Dam Removal’s Balancing Act

  • The continued operation of hydroelectric dams will be up for debate in the next decade. Currently, the Army Corps of Engineers is looking to remove the Boardman River dam in northern Michigan. This dam removal could impact how all future dam removals are completed. (Photo courtesy of the Michigan Department of Natural Resources)

The Army Corps of Engineers is tackling a dam removal project that could affect how the Corps approaches future dam removals. In the next decade, communities will be deciding whether to keep operating tens of thousands of hydroelectric dams on rivers across the country.
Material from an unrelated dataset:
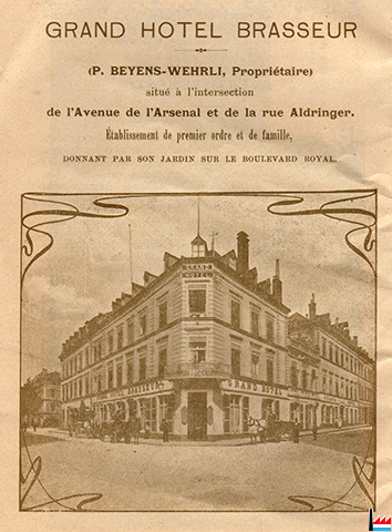 | <=1904 | Grand Hôtel Brasseur, Luxembourg, 2 avenue de l'Arsenal Propriétaire: P. Beyens - Wehrli |

This project is significant because it involves several dams being taken out of production along the same stretch of river. The GLRC’s Bob Allen reports:

Transcript

The Army Corps of Engineers is tackling a dam removal project that
could affect how the Corps approaches future dam removals. In the next
decade, communities will be deciding whether to keep operating tens of
thousands of hydroelectric dams on rivers across the country. This
project is significant because it involves several dams being taken out of
production along the same stretch of river. The GLRC’s Bob Allen
reports:


(Sound of water)


The Boardman River is beautiful. It winds and turns and tumbles
through forested hillsides and passes along northern cedar swamps.
Sections of the upper river qualify as a blue ribbon trout stream, but a
series of dams along the lower half of the river changed some of the best
river water.


Steve Largent has worked on repairing damaged banks along the
Boardman for the last fifteen years. He says removing the dams will
restore faster flowing sections of the river, and clearing out the sand and
silt built up behind the dams will be good for trout and other critters.


“The sediment that is building up in the back of Brown Bridge pond
continues to move upstream as it fills in the upper end of the pond it’s
aggregrating upstream. It’s moving upstream further and further destroying
habitat further upstream.”


So a free running river will help wash away that sediment, but these days
it’s not just anglers who are interested in the Boardman River. Recently
river engineers have been drawn to the Boardman like trout to a fly
fisherman’s lure. They’re interested in landing the job of studying the
Boardman River and its dams. The million dollar study will look at
whether to keep or tear down three hydroelectric dams along a 17 mile stretch of river in northern Michigan just before it flows into Lake
Michigan.


Craig Fischenich is a research engineer with the Army Corps of
Engineers. He says the potential to remove three dams along the same
stretch of river is not something you’re going to find anywhere else.


“Whereas in many parts of the country they’re removing individual dams, they’re on systems that have other dams on them, and so this is an
opportunity here to actually try to restore an entire watershed.”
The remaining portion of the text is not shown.